→ About this exercise: Make an exact copy of the lines from the one containing "base theory ——逻辑与哲学系列讲座第74讲" through the end of the records below, and leave out every picture.

Dataset excerpts:
|---|
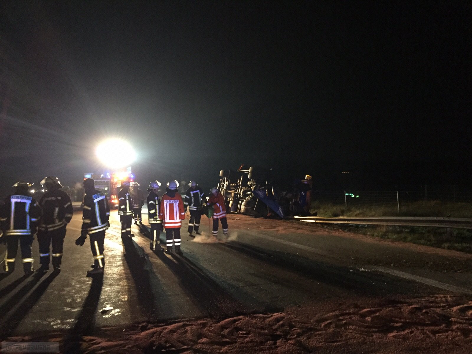 Gyhum/A1. Am frühen Freitagmorgen hat ein außergewöhnlicher Verkehrsunfall auf der A1 in Richtung Bremen bei Gyhum für erhebliche Verkehrsbehinderungen gesorgt. Ein 31-jähriger Kraftfahrer aus dem Wendland hatte gegen 3.20 Uhr die Geschwindigkeit eines vor ihm fahrenden Streufahrzeuges, das bei den winterlichen Verhältnissen für Sicherheit auf der A1 sorgen sollte, unterschätzt. Fast ungebremst fuhr der Sattelzug auf das Fahrzeug des privaten Autobahnkonsortiums A1 mobil auf. Durch die Wucht des Aufpralls schleuderte das Streufahrzeug in den Seitenraum der A1 und kippte dort um. Dabei verlor es seine salzige Ladung. Der Sattelzug blieb schwer beschädigt auf einem Überholfahrstreifen stehen. Glücklicherweise zog sich der Fahrer des Sattelzuges nur leichte Verletzungen zu. Die Autobahn musste zwischen den Anschlussstellen Elsdorf und Bockel für mehrere Stunden voll gesperrt werden.
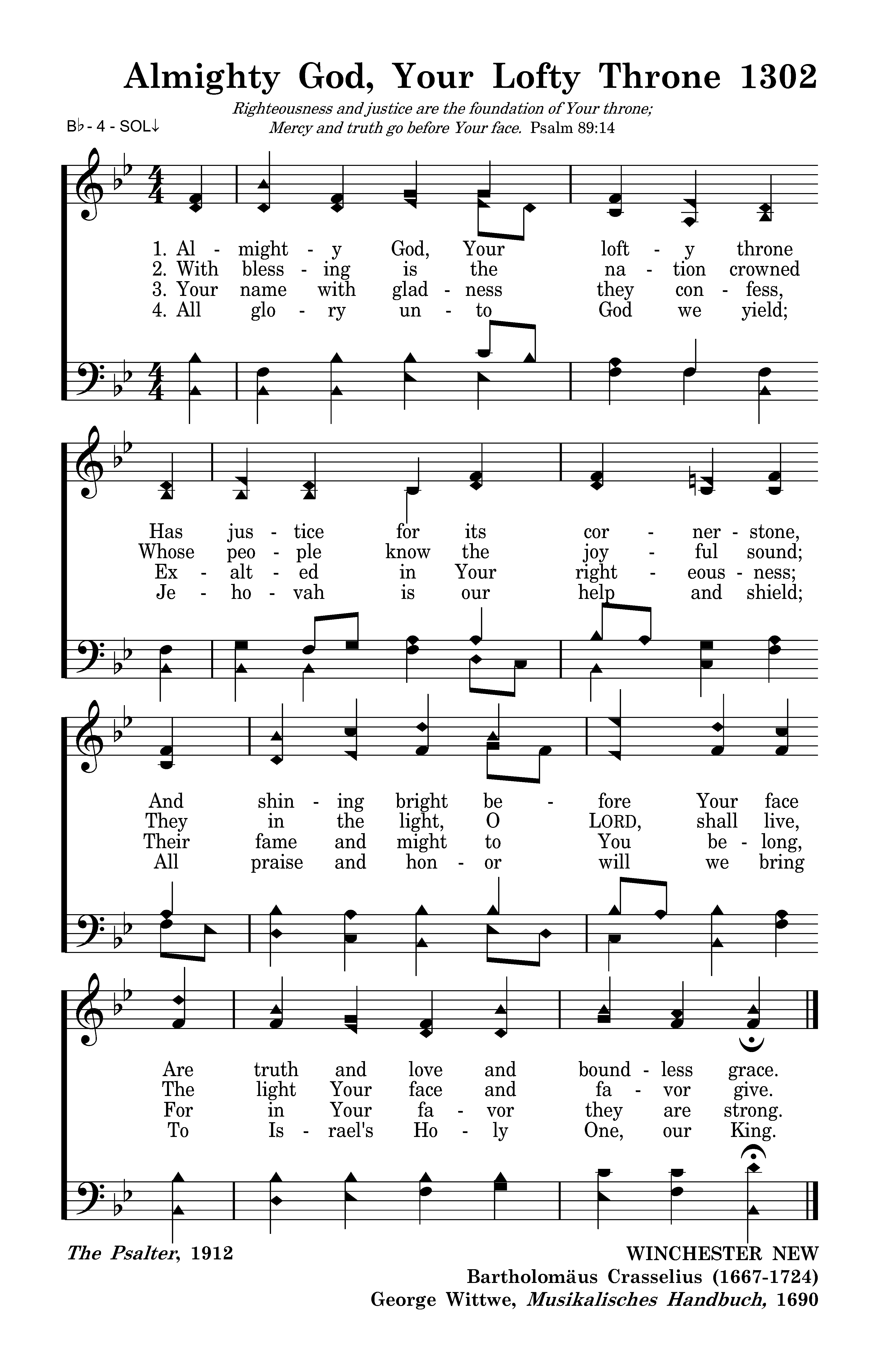 Almighty God, Your lofty throne Has justice for its cornerstone, And shining bright before Your face Are truth and love and boundless grace.
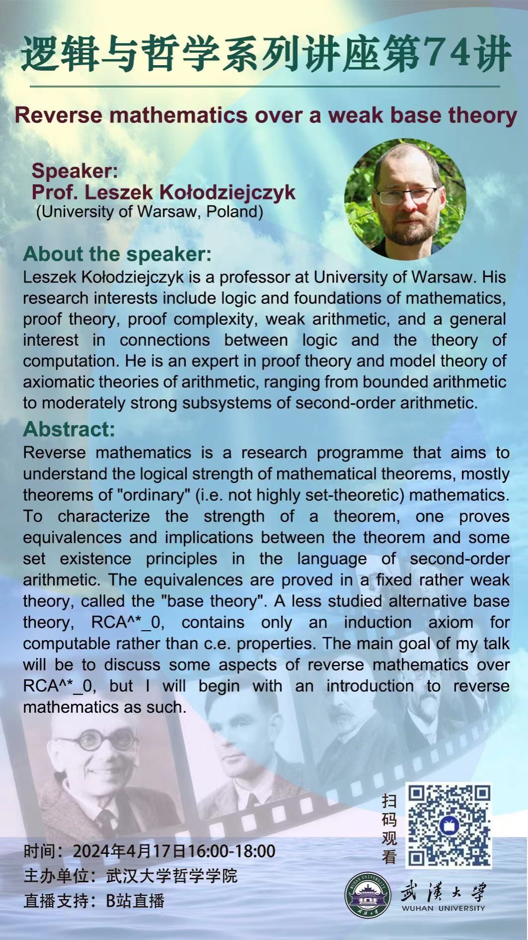 【4月17日】Reverse mathematics over a week base theory ——逻辑与哲学系列讲座第74讲
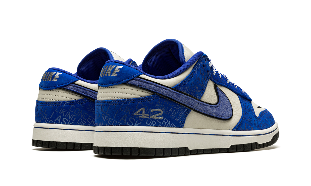 The Nike Dunk Low “Jackie Robinson” is a special edition colorway that honors the life and legacy of the civil rights activist and Baseball Hall of Famer. From Nike’s July 2022 release cycle, the “Jackie Robinson” Dunk Low celebrates Jackie Robinson, who broke baseball’s color barrier in 1948. The colorway takes inspiration from Jackie’s time with the Brooklyn Dodgers, beginning with Racer Blue leather overlays on the toe cap, forefoot, eyelets, collar, heel, and Swoosh, all of which are inscribed with inspirational quotes by Jackie. The leather base appears in a cream-grey hue. Together, the two colors are inspired by the Brooklyn Dodgers’ old team uniform colors. Other overtures to Jackie’s time on the ballclub include his “42” jersey number on the heel. A commemorative “75th anniversary” patch appears on the tongue as a salute to Jackie’s arrival in Major League Baseball in ‘48
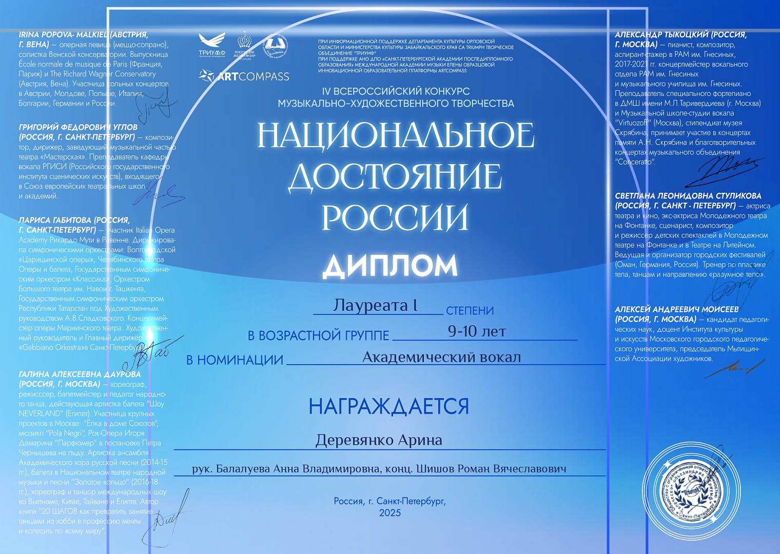 Поздравляем с ПОБЕДОЙ (Диплом лауреата I степени) IV Всероссийского конкурса музыкально-художественного творчества "Национальное достояние России" Арину Деревянко (преп. Балалуева Анна Владимировна, конц. Шишов Роман Вячеславович).
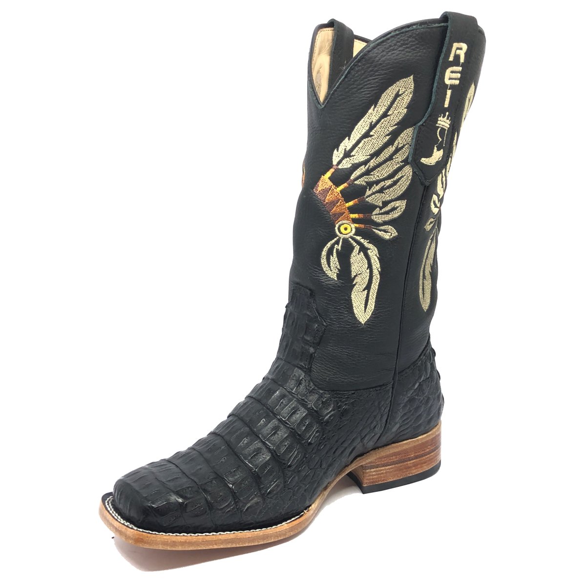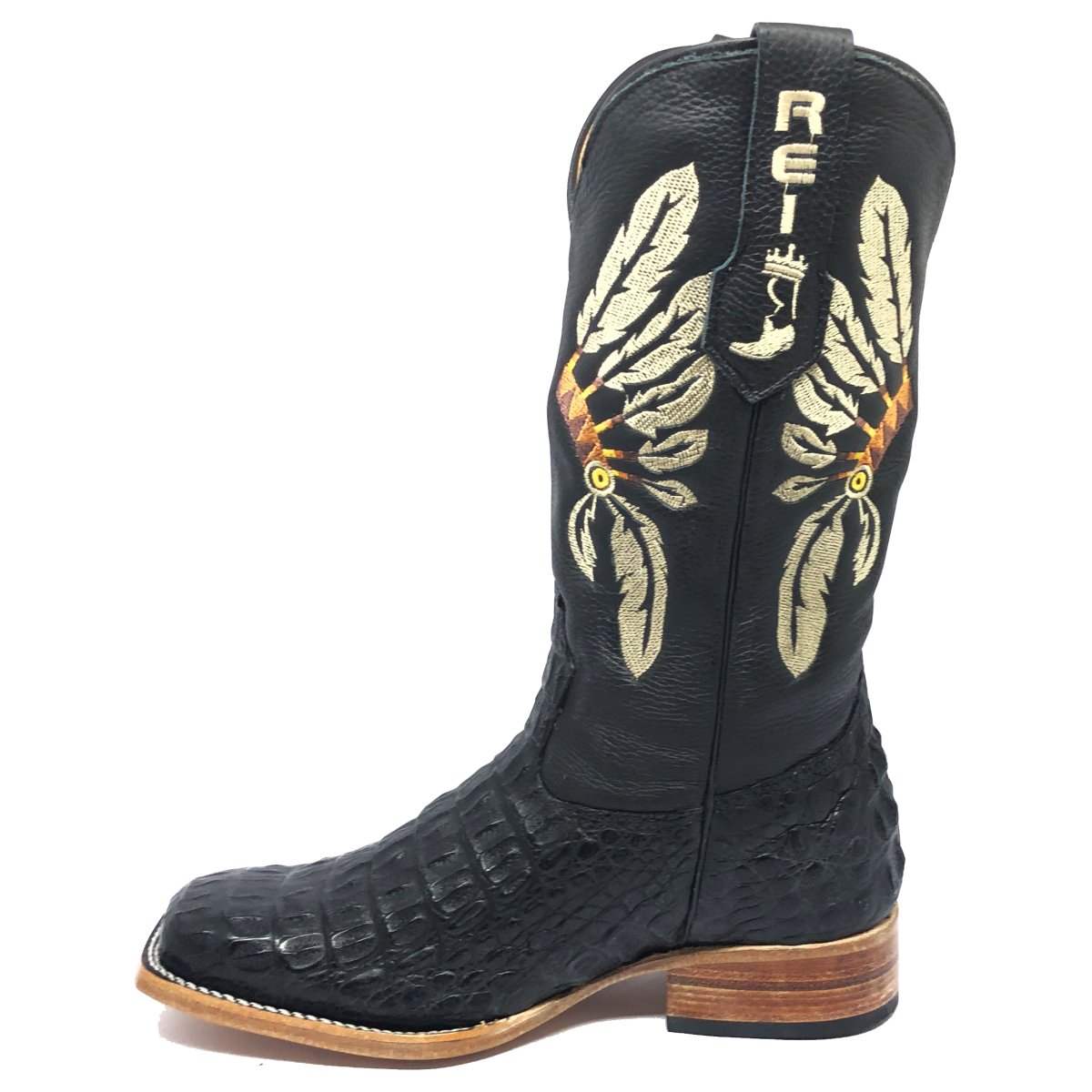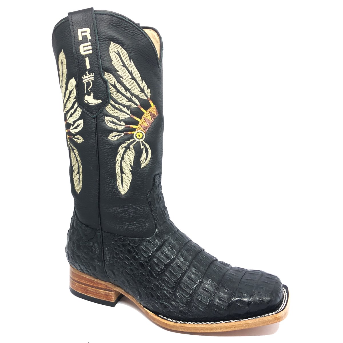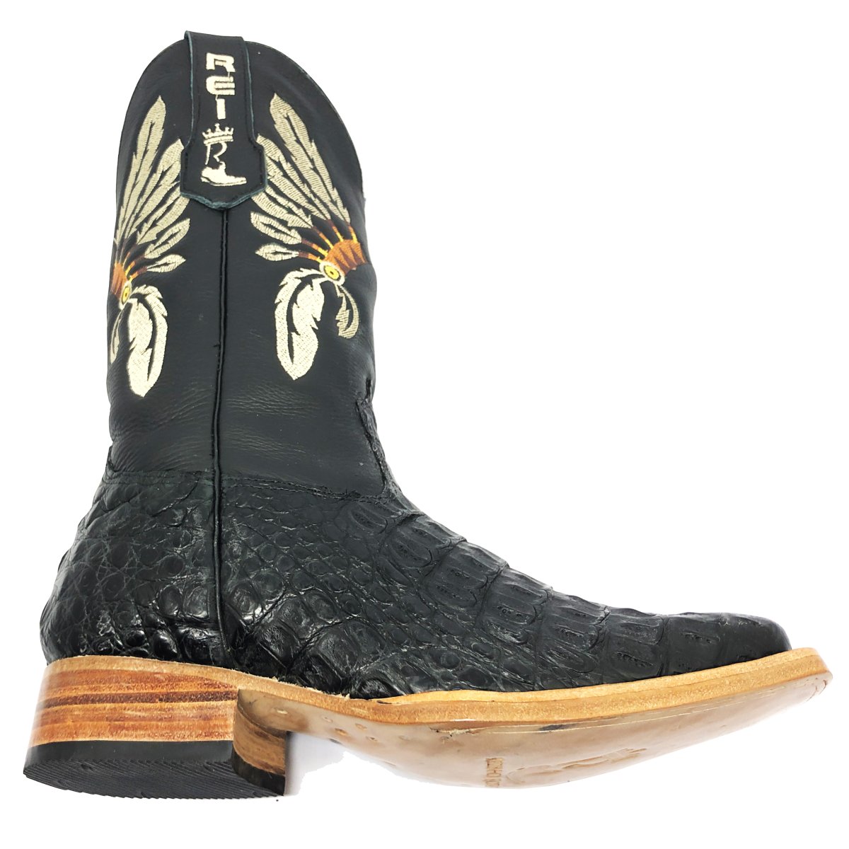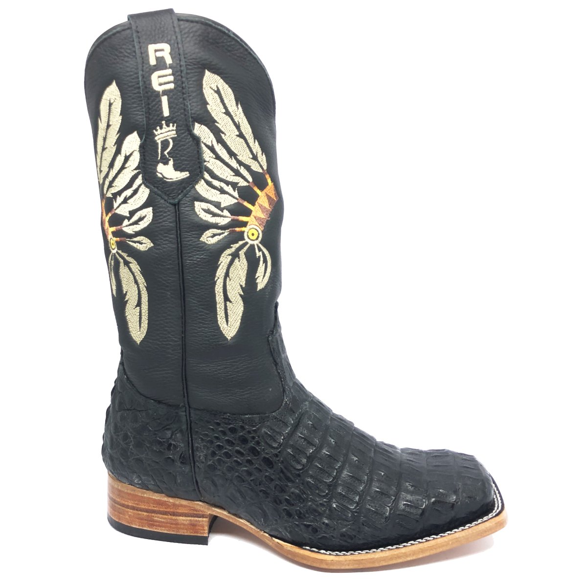 Bota Texana Reizinho Premium de Couro Legítimo de Jacaré Preto LIMITED EDITION - Cano Alto, Bico Quadrado - Solado de Couro Artesanal
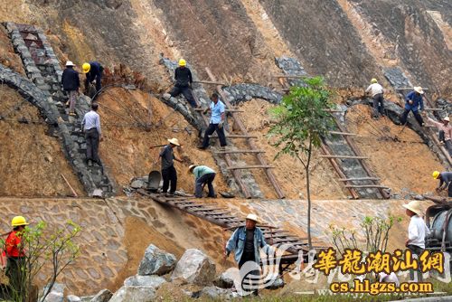 揭西县对外交通要道之一的五灰公路大修工程基本完成,配套工程正加紧推进。图为建设工人对公路两侧山体进行护坡施工。林生惠 李维照 摄
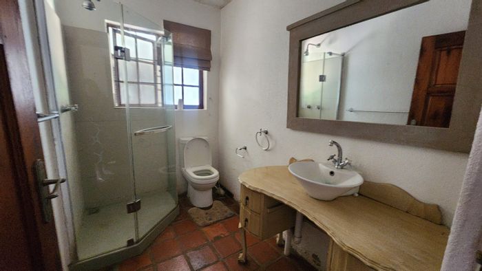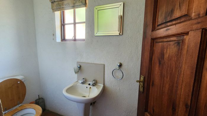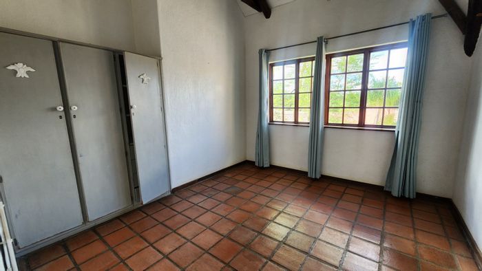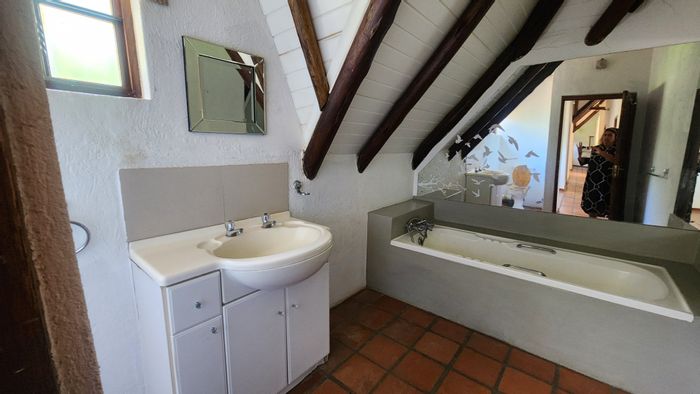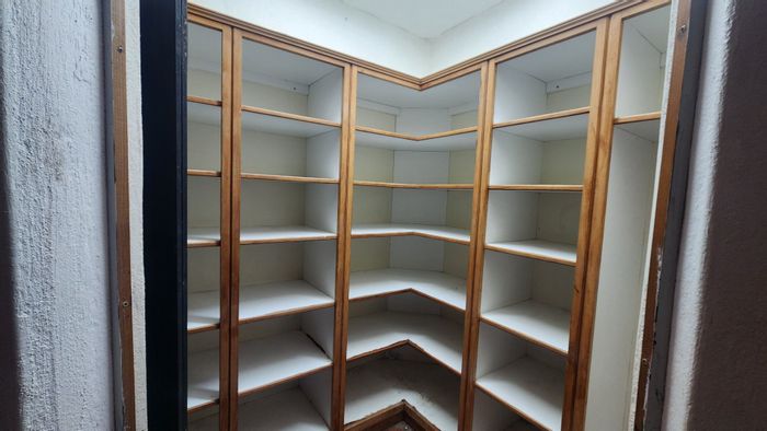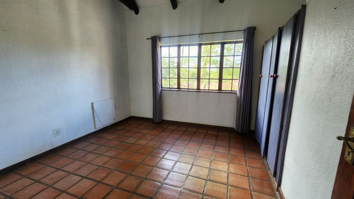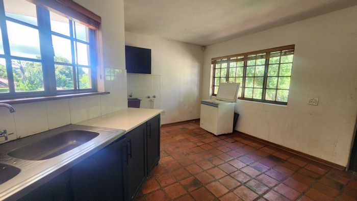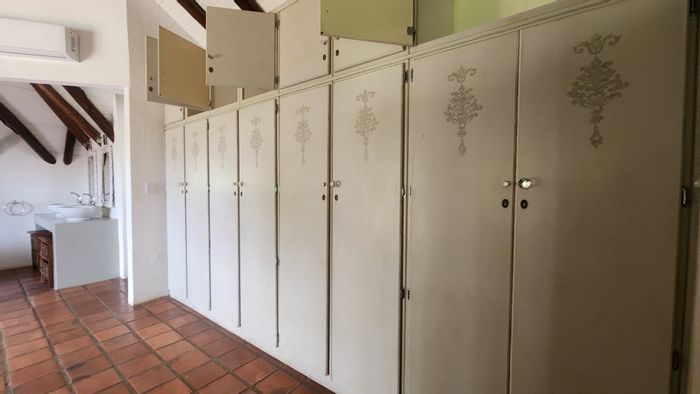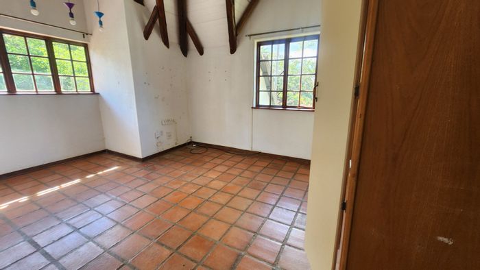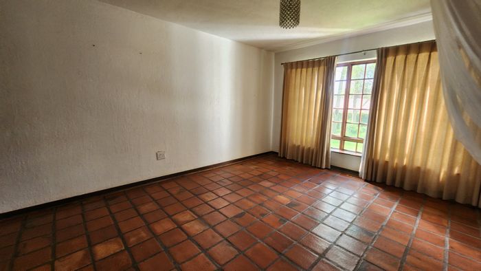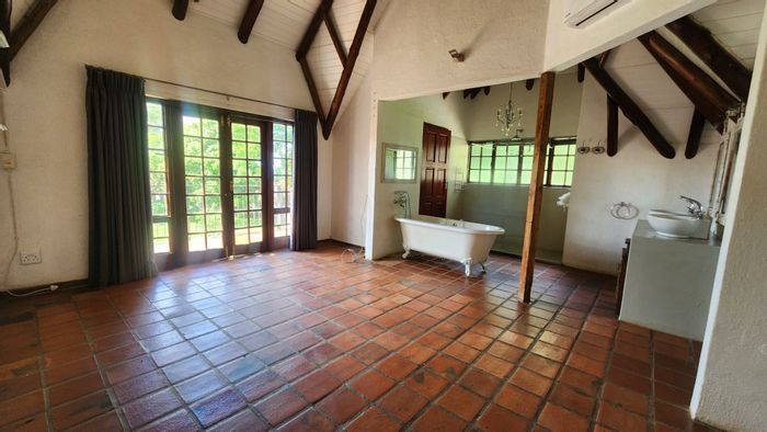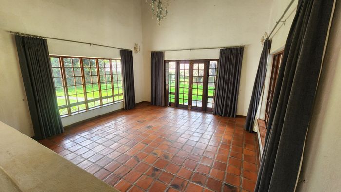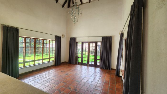 5 bedrooms, 4 bathrooms, domestic room, 3 garages, carport, kitchen with gas stoves, pool, and large gardens.
|---|
→ Completed exercise:
 【4月17日】Reverse mathematics over a week base theory ——逻辑与哲学系列讲座第74讲
 The Nike Dunk Low “Jackie Robinson” is a special edition colorway that honors the life and legacy of the civil rights activist and Baseball Hall of Famer. From Nike’s July 2022 release cycle, the “Jackie Robinson” Dunk Low celebrates Jackie Robinson, who broke baseball’s color barrier in 1948. The colorway takes inspiration from Jackie’s time with the Brooklyn Dodgers, beginning with Racer Blue leather overlays on the toe cap, forefoot, eyelets, collar, heel, and Swoosh, all of which are inscribed with inspirational quotes by Jackie. The leather base appears in a cream-grey hue. Together, the two colors are inspired by the Brooklyn Dodgers’ old team uniform colors. Other overtures to Jackie’s time on the ballclub include his “42” jersey number on the heel. A commemorative “75th anniversary” patch appears on the tongue as a salute to Jackie’s arrival in Major League Baseball in ‘48
 Поздравляем с ПОБЕДОЙ (Диплом лауреата I степени) IV Всероссийского конкурса музыкально-художественного творчества "Национальное достояние России" Арину Деревянко (преп. Балалуева Анна Владимировна, конц. Шишов Роман Вячеславович).
 Bota Texana Reizinho Premium de Couro Legítimo de Jacaré Preto LIMITED EDITION - Cano Alto, Bico Quadrado - Solado de Couro Artesanal
 揭西县对外交通要道之一的五灰公路大修工程基本完成,配套工程正加紧推进。图为建设工人对公路两侧山体进行护坡施工。林生惠 李维照 摄
 5 bedrooms, 4 bathrooms, domestic room, 3 garages, carport, kitchen with gas stoves, pool, and large gardens.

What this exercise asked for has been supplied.